E' la vittoria del collettivo
Le "pagellazze" di Cesena-Latina 3-0 di Gian Piero Travini per VedoBianco/VedoNero su vedobiancovedonero.wordpress.com
GOMIS 6 Nessun intervento rilevante. ORDINARIA AMMINISTRAZIONE
FONTANESI 7 Basta dargli fiducia. Basta dar fiducia e questo ragazzo è perfettamente capace di ripagarla: potrà non essere perfetto ancora, ma quando si tratta di scegliere il tempo per uscire sule laterali è meglio di un Sector. NO LIMITS
LUCCHINI 6 Una sola amnesia per lui, comunque sabotata dal resto della retroguardia: per il resto raramente i laziali riescono a farsi vedere dalle sue parti in maniera pericolosa e, quando lo fanno, devono usare le mani sulla sua schiena per postarlo. INAMOVIBILE
CAPELLI 6 Fine diplomatico, cicerone del dialogo in campo, passa la metà del tempo a rompere i coglioni a Martinelli e l’altra metà a mirare gli stinchi di Corvia. BAN KI-MOON
RENZETTI 5 Già attorno al 15′ liscia un pallone che potrebbe costar carissimo se non ci fosse del buon lavoro di legna a centrocampo. Poi perde palla, crea il danno e va pure a fare un fallo da rosso diretto, punito con un’ammonizione, la seconda, che lancia per la prossima partita Falasco titolare. Potremmo parlare di calo senza tema d’esser gufi. RIPOSO FORZATO
KESSIÉ 6 Strapotere fisico e spinta continuamente, ma il trattamento di pallone in prossimità della trequarti è da rivedere. Per 90′ fischia dalle faroge come un mantice nanico di Warcraft, trasformandosi in guerriero di tanto carattere. GIOCO DI RUOLO
CASCIONE 6 Lucidissimo nel sistemare le ‘colombe di Pasqua’ seminate da Renzetti e Kone, mentalmente libero dalla concorrenza di Sensi può provare ad imporre la sua fase di regia. Ma quando gli animi si scaldano non tiene il boccino e getta tutta la prima parte di gara alle ortiche: il giallo rimediato per proteste pesa come un macigno sul resto della prestazione e sulla sua prematura uscita. BOILING POINT (64′ FALASCO 6 Pronto è pronto: ora bisogna capire se sarà in grado di reggere 90′ da titolare senza possibilità di cambi di lusso alle spalle in caso di errore. IL MOMENTO)

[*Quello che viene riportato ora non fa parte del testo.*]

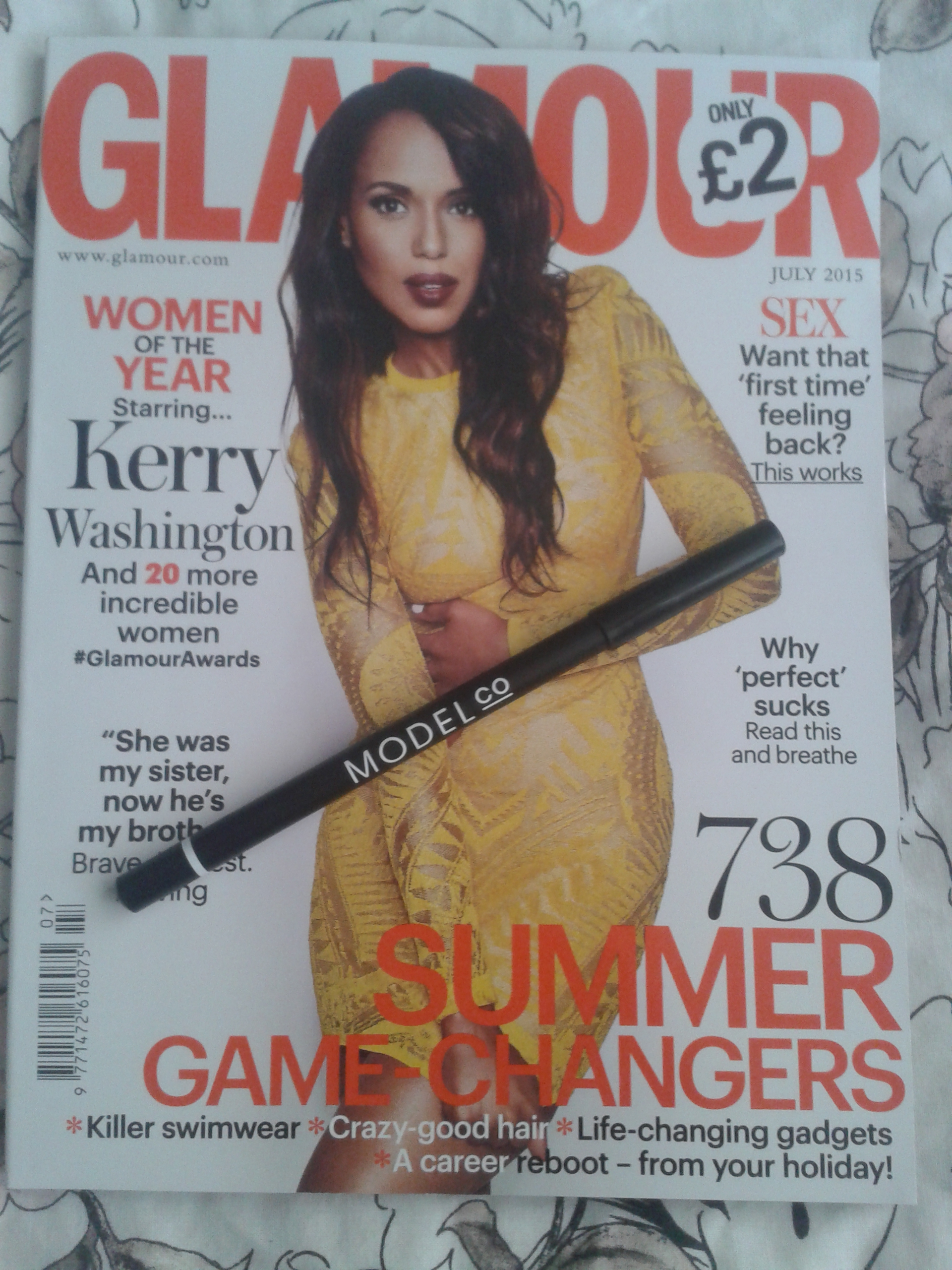 Enfin, dans ma boite aux lettres, j’ai trouvé mon Glamour mensuel, avec ce crayon noir full-size de ModelCo. Le magazine est vendu 2 pounds, le crayon 12. Il est très possible que j’achète aussi le magazine en kiosque, avec cette fois-ci l’eyeliner bleu ModelCo…

VALZANIA 6 Se si tratta di mettere il pallone in terra… beh, è un po’ come chiedere ai servizi di sicurezza belgi di prevedere attacchi terroristici. Se si tratta invece di portare in avanti il pallone e di prendersi una punizione decisiva, non c’è calcio in faccia che tenga: Luca c’è. Macella cosce meglio di Daniele e’ Rumagnol, ma se non si danno minuti a giocatori così saranno sempre prestazioni discontinue. NORCINO
KONE 5,5 Vinci 3-0 a due minuti dalla fine. Non hai fatto una gran partita ma, tutto sommato, anche se in ombra, danni zero. Poi fai fallo di mano da diffidato. Bene, ma non benissimo. SUCIDIA
CIANO 7,5 Può fare tutto. E fa tutto. CIANOGOL (84′ SEVERINI SV)

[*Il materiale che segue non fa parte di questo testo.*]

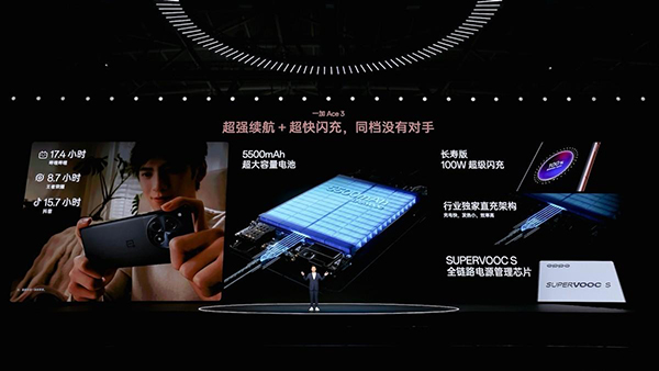 電池方面,一加Ace3搭載5500mAh大電池,配備SUPERVOOCS全鏈路電源管理芯片,支持核心器件功耗優(yōu)化與軟件算法功耗優(yōu)化,電池放電效率提升到幾乎沒有損耗的99.5%,同樣性能表現(xiàn)下,可實(shí)現(xiàn)更低的功耗和更少的放電損耗。

RAGUSA 6 “Parlate tutti, figli di puttana”. Padron ’ntoni, se dopo che ti si infama arrivano queste prestazioni, fidati… lascia che continuiamo a parlare. Da parte nostra, quando qualcuno ha tirato fuori il 4 contro il Lanciano, noi ti abbiamo dato 6. E dopo il gol di quest’oggi rimaniamo coerenti: impegno, corsa e gol, ma anche tanti, tanti errori individuali. RIMANIAMO DEI FIGLI DI PUTTANA COERENTI (90′ IMPROTA SV)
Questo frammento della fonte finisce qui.